Mais quel est ce trésor? Dans une optique beaucoup moins intellectuelle que Sartre (« nous n’avons jamais été plus libres que sous l’occupation »), René Char désigne par ce terme le voisinage concret avec une liberté appréhendée comme une absolue nécessité et détruisant par là même toute inauthenticité dans le combat. « Celui qui a épousé la résistance a découvert sa vérité ». On n’est plus le simple acteur (au sens de comédien) de sa vie « frondeur et soupçonneux », et l’on peut se permettre, dit René Char « d’aller nu ». Par cette nudité, ce qu’il convient de comprendre, c’est que la résistance, dans les conditions de vie extrêmement dures qu’elle impose et l’esprit de liberté qui l’anime détruit la moindre possibilité de « faire semblant », tout ce qui agit dans les ressorts de toute vie sociale ou professionnelle en temps de paix. Ce n’est pas du tout que les résistants étaient libres, mais ils pouvaient éprouver physiquement dans leur combat et dans la pression militaire de l’occupant, l'évidence, l'obligation légitime de recouvrer la liberté, comme un invité, dit-il « qui ne vient jamais à la table mais pour lequel le couvert est toujours mis ».

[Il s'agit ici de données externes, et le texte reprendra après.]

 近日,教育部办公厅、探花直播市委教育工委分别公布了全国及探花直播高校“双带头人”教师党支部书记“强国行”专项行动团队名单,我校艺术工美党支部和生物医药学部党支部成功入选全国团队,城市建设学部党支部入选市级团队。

        « L’action, dit encore René Char, qui a un sens pour les vivants, n’a de valeur que pour les morts, d’achèvement que pour les consciences, qui en héritent et la questionnent. » Cela signifie qu’un acte ne peut être considéré comme humain, c’est-à-dire culturel qu’à la condition d’avoir 1) un sens (une intention au moment où il a été accompli) 2) une valeur pour celles et ceux qui sont morts en l’exécutant 3) un aboutissement (une sorte de résonance, de prolongement) pour les vivants qui existent après cet évènement et le reçoivent, l’intègrent à leur actualité en le soumettant à des questions d’aujourd’hui. Or après la libération, laquelle paradoxalement mais logiquement a fait disparaître cette liberté « d’aller nu » puisque la résistance avait cessé, la troisième condition de la texture culturelle et humaine de cette action: « résister » se révéla impossible à mener.

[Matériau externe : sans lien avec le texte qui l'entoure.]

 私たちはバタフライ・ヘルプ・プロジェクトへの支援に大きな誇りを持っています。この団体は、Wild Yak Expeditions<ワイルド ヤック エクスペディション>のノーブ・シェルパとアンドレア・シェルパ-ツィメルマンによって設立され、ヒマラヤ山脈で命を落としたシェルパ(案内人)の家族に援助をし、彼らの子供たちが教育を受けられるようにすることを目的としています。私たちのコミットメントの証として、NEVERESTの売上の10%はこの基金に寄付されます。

        Ce qui s’est produit dans cette période a marqué un divorce entre la pensée et le réel, comme si l’évènement ne pouvait donner lieu à aucun souvenir, réflexion, à aucun récit historique. Il convient d’être précis sur ce point et de se souvenir de ce qu’entend René Char par « trésor ». Les historiens ont joué leur rôle, mais l’efficience de ce qu’agir « est », la réflexion autour de la signification de ce que se battre pour la liberté fut et implique notamment pour la compréhension de la politique (liberté publique) n’ont pas été réalisées. « Notre héritage n’est précédé par aucun testament » signifie qu’à cette époque, ce qui a été transmis l’a été par le devenir, par la dynamique pure d’un passé devenant présent mais par l’histoire, pas par le récit ou la réflexion. Une génération s’est vue dotée par une autre génération d’un « bien » ou « d’une réalité » non commentée, ni comprise, ni questionnée.
       

Hannah Arendt rapproche la phrase de René Char de cette citation de Tocqueville: « Le passé n’éclairant plus l’avenir, l’esprit marche dans les ténèbres. ». Pour elle, celui qui a réussi à voir le plus clair dans les ressorts de cette étrange mécanique du temps et de l’homme aux prises avec le passé et le futur est Kafka dans cette parabole:
        « Il a deux antagonistes : le premier le pousse de l’arrière, depuis l’origine. Le second barre la route devant lui. Il se bat avec les deux. Certes, le premier le soutient dans son combat contre le second car il veut le pousser en avant et de même le second le soutient contre le premier, car il le pousse en arrière. Mais il n’en est ainsi que théoriquement. Car il n’y a pas seulement les deux antagonistes en présence mais aussi, encore lui-même, et qui connaît réellement ses intentions ? Son rêve, cependant, est qu’une fois, dans un moment d’inadvertance – et il y faudrait assurément une nuit plus sombre qu’il n’y en eut jamais – il quitte d’un saut la ligne de combat et soit élevé, à cause de son expérience du combat, à la position d’arbitre sur ses antagonistes dans leur combat l’un contre l’autre. »
        Supposons que « il » désigne l’homme et que la première force soit celle du passé alors que la seconde est celle du futur. L’homme se bat continuellement contre les deux en utilisant toujours contre l’un l’aide de l’autre: il se bat contre le passé par l’anticipation et contre le futur par le souvenir, mais l’idéal dit Kafka serait qu’il puisse s’abstraire de ce combat et simplement l’arbitrer, le neutraliser plutôt que l’encaisser de part et d’autre.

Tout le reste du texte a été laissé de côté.